1. The ParentID column in the Child table has no unique constraint.  This is a one-to-many relationship.  Each ParentID value can appear only once in the Parent table but can appear many times in the Child table.  If the same ParentID appeared more than once in the Parent table then how could you tell which record was the actual parent of a Child record with that value?  The whole point of the ParentID is to uniquely identify a Parent record.  The relationship is to uniquely identify a Child record's parent.

2. There's no way to do that automatically.  You'd basically have to bind the two grid's to the DataTable's independently.  When the user makes a selection in the parent grid you can get the selected row, call its GetChildRows method to get all the related rows, then loop through the child grid and select those records.  To go the other way you can call GetParentRow.

----------


## mungle_back

I used the above code and it worked great - very straightforward and easy to use.  I'm new to Visual Studio 2005, so I'm still trying to figure out how everything connects.

One question though.  On my form, I want to have multiple datagridviews which are based off of the selection in the child combo box.  Would you use similar code to what you have above, creating a relation between the child table and the datagrid tables, and could you do this within the same function (GetDataset, in your example)?  Thanks.

----------


## jmcilhinney

> I used the above code and it worked great - very straightforward and easy to use.  I'm new to Visual Studio 2005, so I'm still trying to figure out how everything connects.
> 
> One question though.  On my form, I want to have multiple datagridviews which are based off of the selection in the child combo box.  Would you use similar code to what you have above, creating a relation between the child table and the datagrid tables, and could you do this within the same function (GetDataset, in your example)?  Thanks.


Not a problem.  The controls used to display the parent and child data don't have to be the same.  Also, you can have as many levels of relationship as you like.  You can have a parent table, a child, a grandchild, a great grandchild and so on.  This thread demonstrates the principle between one pair of tables.  There can be as many pairs as you like with as much overlap as you like, all in the same DataSet.

----------


## szlamany

@jm - hope you don't mind me putting this question into this thread - if you do I'll delete it and start a new thread...

At any rate - I've got a more complex relationship and I was wondering if this would be possible with the method you describe here.  I'll attach a mock-up of the form we are considering using for this.

Basically a binding navigator is used to flip through all the VENDOR's in a table.  Each vendor has child records in another table - that fall into 1 of 4 categories - Translater, Proofreader, Interpretor and Foreign associate.  

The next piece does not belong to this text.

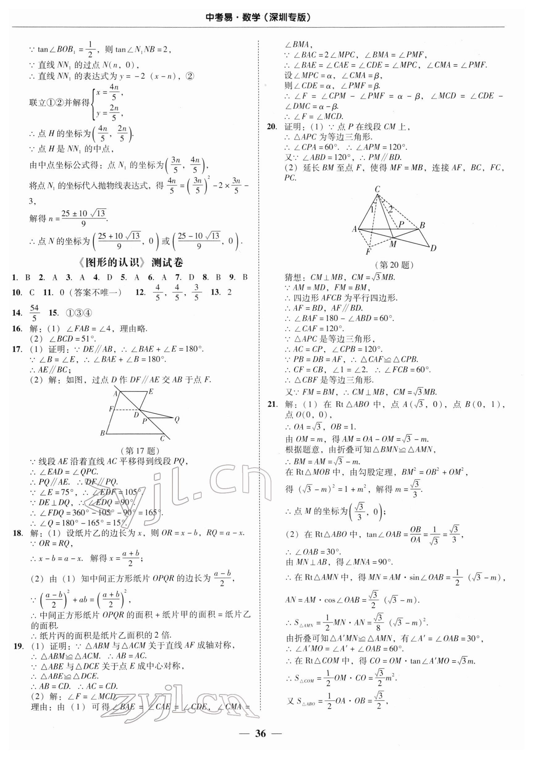 注:目前有些书本章节名称可能整理的还不是很完善,但都是按照顺序排列的,请同学们按照顺序仔细查找。练习册 2022年中考易数学深圳专版 答案主要是用来给同学们做完题方便对答案用的,请勿直接抄袭。

There can be many child records for a VENDOR for each of these categories based on the "language pair" being represented (they can translate from English-to-Spanish and from Eng-to-Portuguese, for example).

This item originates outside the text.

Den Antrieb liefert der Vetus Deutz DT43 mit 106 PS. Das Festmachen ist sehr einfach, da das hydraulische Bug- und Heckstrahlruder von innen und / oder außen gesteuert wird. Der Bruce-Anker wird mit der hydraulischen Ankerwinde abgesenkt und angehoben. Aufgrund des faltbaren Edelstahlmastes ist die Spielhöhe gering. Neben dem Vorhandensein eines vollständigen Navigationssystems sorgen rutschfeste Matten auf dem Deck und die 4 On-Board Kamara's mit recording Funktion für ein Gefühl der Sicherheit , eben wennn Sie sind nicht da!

We were thinking of having a tab control for each of these categories - with it's own bind-nav control.

Would a WHERE clause simply put the right category onto the correct tab control?

Am I headed down the right path here?

Thanks in advance

----------


## jmcilhinney

> @jm - hope you don't mind me putting this question into this thread - if you do I'll delete it and start a new thread...
> 
> At any rate - I've got a more complex relationship and I was wondering if this would be possible with the method you describe here.  I'll attach a mock-up of the form we are considering using for this.
> 
> Basically a binding navigator is used to flip through all the VENDOR's in a table.  Each vendor has child records in another table - that fall into 1 of 4 categories - Translater, Proofreader, Interpretor and Foreign associate.  
> 
> There can be many child records for a VENDOR for each of these categories based on the "language pair" being represented (they can translate from English-to-Spanish and from Eng-to-Portuguese, for example).
> 
> We were thinking of having a tab control for each of these categories - with it's own bind-nav control.
> ...


If I'm reading that correctly then you just have what I've described but four times.  You would fill one parent table and four child tables.  Each of the child tables would be filled from the same source table with, as you say, a WHERE clause to limit the result set to a single category.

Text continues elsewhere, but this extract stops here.